What’s most troubling about such overwrought silliness is that it detracts from what the film does well, which is to show characters’ nuanced and complicated reactions to situations where the moral ground is all but impossible to see. The non-resolution to Caroline’s storyline involves her halting, uncertain confession: “I guess I’m angry. I mean, I think I’m really angry about a lot of stuff, but I don’t know what exactly.” For me, this is Traffic‘s most profound moment of articulation, or better, inarticulation. That this girl can be so unself-conscious about her feelings is a function of her life experience. Like her father, Caroline is an uninterested bystander to her own life until she’s forced to look, hard.

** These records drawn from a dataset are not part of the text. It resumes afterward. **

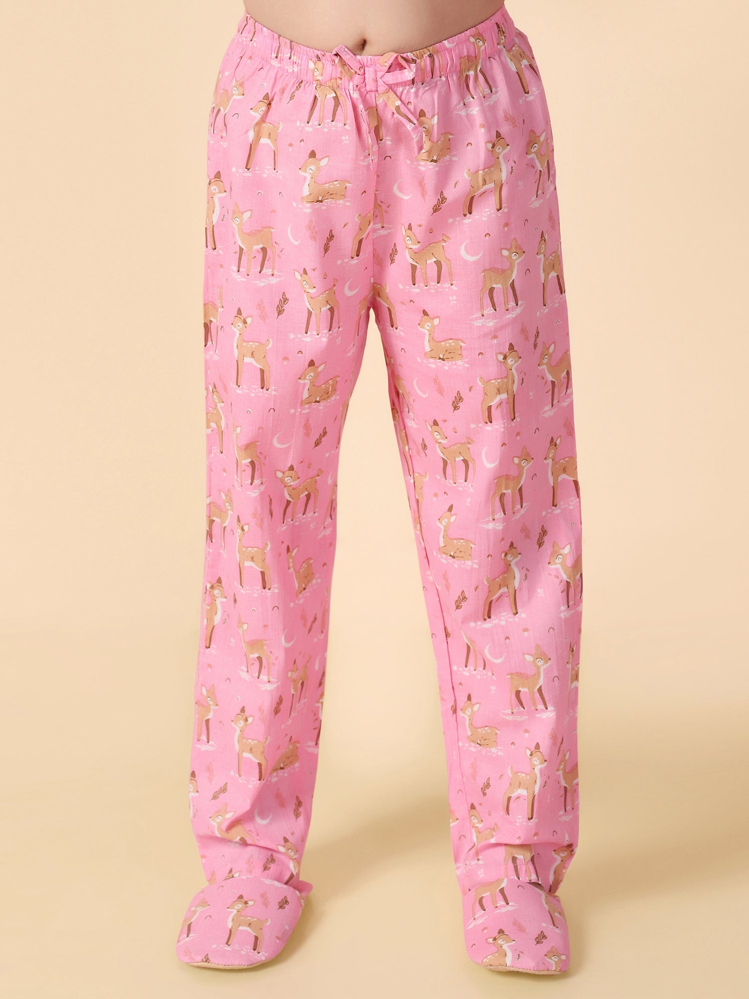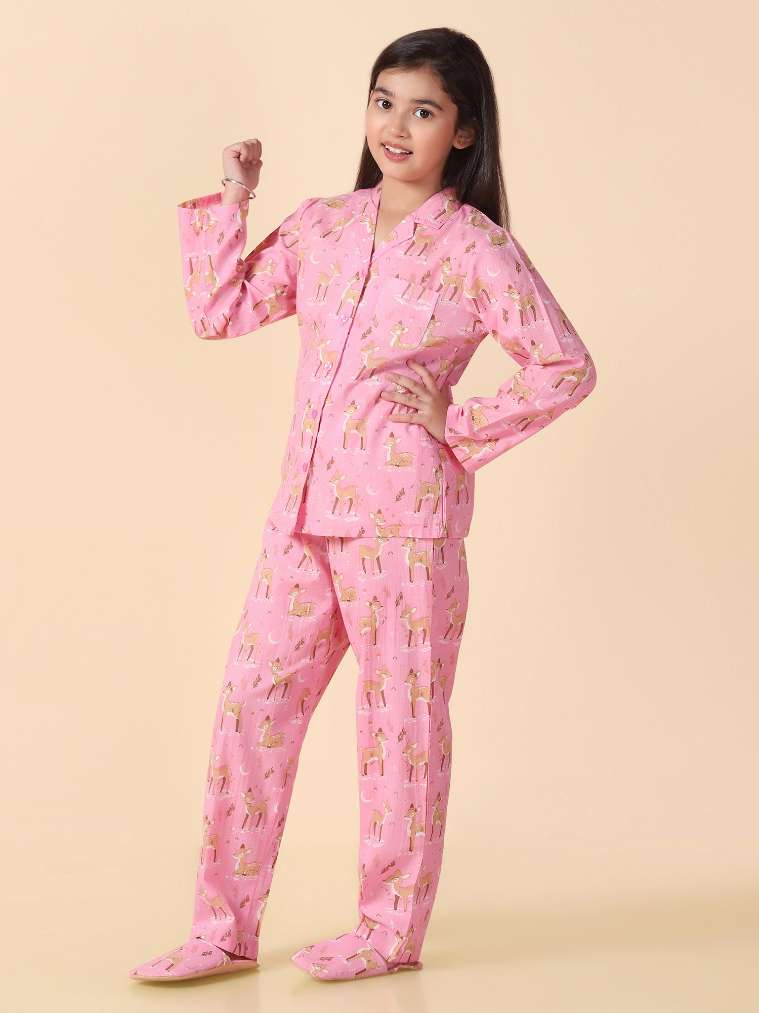 Girls Pink Reindeer Printed Pyjama Set with Slip Ons
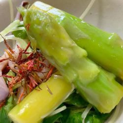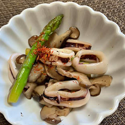 ヤリイカとアスパラガスのにんにく炒め 紅花添え
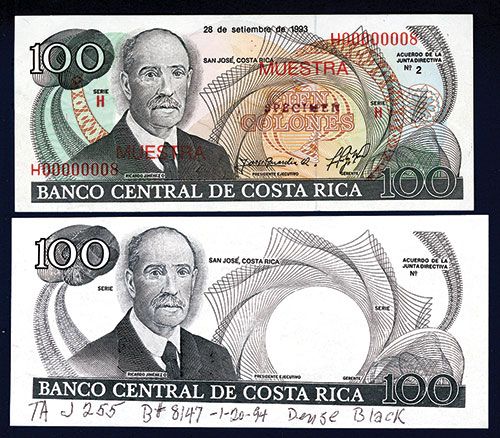Costa Rica, Lot of 2 different banknotes, 1 proof and 1 specimen. Includes Specimen, San Jose. 1993. 100 Colones, P-261s , S/N H00000008, AU-Unc. and A black and white proof without underprint of the face that can be from the 1988 or 1993 issue, with archival notations on bottom TA J255 B#8147 -1-20-94 Dense Black. ABNC.
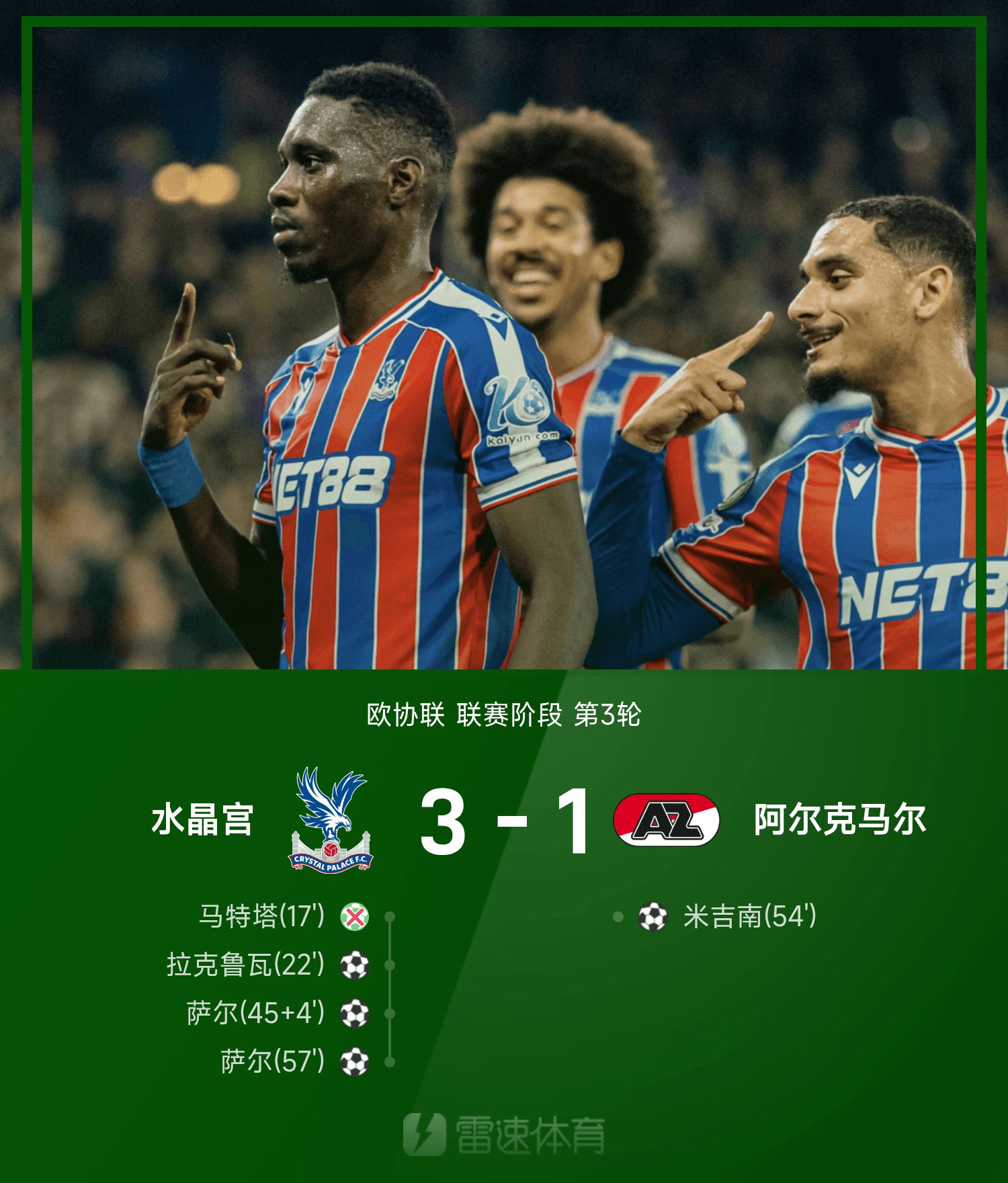 Tường thuật trận đấu UEFA Champions League: Sarr lập cú đúp, Matta bỏ lỡ một điểm, Crystal Palace 3-1 Alkmaar

This theme repeats again and again in the film, perhaps most grippingly for Helena (Catherine Zeta-Jones), the wife of affluent La Jolla-based dealer Carlos Ayala (Steven Bauer). When he’s arrested by Montel and Ray, hauled out of his swank white mansion in handcuffs, Helena is abruptly faced with dire circumstances. Pregnant with their second child, she’s suddenly left to her own devices, and initially horrified to learn that her country club lunches and charge accounts have been financed by such nefarious means. When she finds that she can’t turn to her husband’s none-too-bright lawyer (Dennis Quaid), Helena starts making her own decisions, on how to maintain the drug business and get her husband out of prison. Helena makes this turn not so much as a desperate act of self-preservation, but as a desperate act of lifestyle-preservation. Like Caroline and Robert Wakefield, she’s a long distance from having to make decisions based on poverty. She learns how to work drugs as a system, to make sense of their movements, to read their traffic.

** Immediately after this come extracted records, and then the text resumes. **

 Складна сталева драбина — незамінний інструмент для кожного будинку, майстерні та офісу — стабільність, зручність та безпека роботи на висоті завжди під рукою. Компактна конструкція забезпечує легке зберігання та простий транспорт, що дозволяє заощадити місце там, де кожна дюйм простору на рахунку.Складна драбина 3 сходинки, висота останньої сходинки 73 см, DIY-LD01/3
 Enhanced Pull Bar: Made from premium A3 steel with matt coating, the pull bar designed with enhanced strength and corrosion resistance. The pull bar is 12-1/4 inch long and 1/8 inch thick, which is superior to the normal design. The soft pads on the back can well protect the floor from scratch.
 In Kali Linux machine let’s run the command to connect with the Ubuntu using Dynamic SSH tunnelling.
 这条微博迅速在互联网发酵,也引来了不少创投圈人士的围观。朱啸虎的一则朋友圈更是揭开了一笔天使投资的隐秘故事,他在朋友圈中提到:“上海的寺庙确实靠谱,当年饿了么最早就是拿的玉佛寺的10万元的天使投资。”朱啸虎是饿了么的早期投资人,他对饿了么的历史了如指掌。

Which brings us back, in a roundabout way, to Montel and Ray. Of all the film’s many characters, they appear to have the most acute understanding of where they’ve been and where they’re headed in this flow of traffic. At one point Montel and Ray are staking out Helena’s home, “hiding” in one of those surveillance vans that everyone recognizes if they’ve watched cops on tv or in the movies (and the movie acknowledges this cliche, when Helena actually comes out to offer them lemonade). For a moment, things look promising, and Ray is almost giddy when he suggests that they might get to bust some “white people,” that is, people at the top, not just the usual scummy lower-rung dealers. It comes off as a joke in the movie, but Ray’s sentiment also underlines the film’s most significant point. A lot of movies show you how drugs mess up addicts’ lives or contribute to street violence. This one accuses the “white people,” of ignorance, hypocrisy, self-interest, and ineptitude. Javier and Manolo, Ray and Montel toil away, day after day, hoping to get a handle on how the system works, how the product continues to circulate despite their best efforts. But the system is too vast and intricate, too essential to the machinations of national governments and international businesses. Traffic keeps moving.